Some Notes on Stereophonic Recording Techniques for Playback with Loudspeakers

Stereophonic recording creates an illusion of a sound event through reproduction by loudspeakers, as opposed to binaural recording, which attempts this reproduction via headphones.

When a stereophonic recording is heard through a pair of loudspeakers, each ear hears sound from both speakers. This is not the case with headphones. The localization process that takes place in human hearing is different for both kinds of sound reproduction. We will concentrate here on stereophonic recording and playback via loudspeakers. The focus is on the localization of sound sources in the horizontal plane and the spatial impression.

The stereophonic recording and reproduction goes back to Alan Blumlein’s invention.

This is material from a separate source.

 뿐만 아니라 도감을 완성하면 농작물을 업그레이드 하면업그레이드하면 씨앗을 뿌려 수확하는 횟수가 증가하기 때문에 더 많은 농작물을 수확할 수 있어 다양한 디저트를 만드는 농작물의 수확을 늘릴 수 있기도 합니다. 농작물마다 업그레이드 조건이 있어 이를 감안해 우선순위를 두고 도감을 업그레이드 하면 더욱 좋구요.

He discovered that a localization of a sound source within a stereo base of two loudspeakers can be controlled by the ratio of the level of the left and right audio signals. This is referred to as intensity stereophony. A balanced image of the sound stage – with phantom sound sources within the stereo base – can be created by an appropriate recording technique (e.g. with a Blumlein pair microphone setup) and by applying an equilateral triangle between the two loudspeakers and the listening position. With intensity stereophony, localization of the loudspeaker positions is excellent, and is still good for positions in between.

It is also possible to place various sound sources via panpots within the stereo base (a process called panning) on the basis of frequency independent level differences. Panning creates space for the different sound sources on the stereo base, so they don’t have to compete acoustically for the same location.

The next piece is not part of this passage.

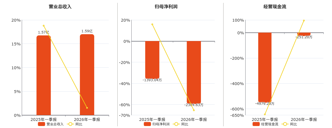 公司营业总收入为1.59亿元。归母净利润为-2304.63万元,较去年同报告期归母净利润减少911.59万元。经营活动现金净流入为-251.20万元。

Aside from the ability to determine the direction of a sound event via level differences, human hearing can also determine directions via time differences between the left and right ear. Accordingly, localization can also be controlled by the time delay between the left and right loudspeaker signal. This is called time-of-arrival stereophony. Here a suitable microphone setup is AB (In this case, the spacing of the omnidirectional microphones introduces some phasiness. The mono signal suffers from a comb frequency response that can alter the sound, especially in the low frequency range). Localization is best at the midpoint of the stereo base and becomes more blurred as the position moves closer to either of the loudspeakers, in contrast to pure intensity stereophony where localization is best at the position of the loudspeakers.

If intensity stereophony and time-of-arrival stereophony are combined, this is referred to as mixed sterophony or equivalence stereophony. Here, a sound source never appears in just one channel (only L or only R). The intensity stereophonic component is not fully utilized, but always present to a certain degree.

Localization of phantom sound sources from different directions via level and time differences. Example: A sound event is reproduced at an angle of 30 ° to the left if the signal from the right loudspeaker is delayed by 0.5 ms and attenuated by 6 dB at the same time.

The localization mechanisms mentioned above are properties of the human auditory system. The ability of human hearing to identify the direction of sound incidence in the frontal horizontal plane was first described in 1907 in John William Strutt’s duplex theory. The level and time differences play key roles when the sound arrives at each ear, the interaural level differences ILD and time differences ITD both working in different frequency ranges.

Because each ear hears sound from both speakers, the differences between one speaker signal and the other to reproduce a sound stage must be different from the signals received by each of the two ears.

The effect of shifting a phantom source by changing the level and time delay difference between the left and right loudspeaker signal also takes place if the listener changes their position. If they move a little to the right, the right speaker signal is louder than the left and it arrives earlier than the left. The phantom source positions within the stereo base will be compressed in a rightward direction. The overall stereo base becomes smaller. Because of these regularities there is only a small listening area with a full and balanced stereo base representation. This is known as the sweet spot.

To recreate a highly realistic image of the original sound event, the professional recording should be accompanied by a set of high-quality speakers for the reproduction, taking into account room acoustics. In such a scenario the loudspeakers are not audible as sources of the sound. Ideal condition for a good localization within the stereo base is a point-source loudspeaker in a room with little reflection, a conditions that often cannot be realized, e.g. in the car. Many loudspeakers are two- or three-way systems. The sound is generated in different speaker chassis depending on frequency, the chassis mounted at a distance from each other. The location of the sound source will therefore be blurred. However, if the listening position is far away enough, the horizontal distance between the speaker-chassis can’t be resolved.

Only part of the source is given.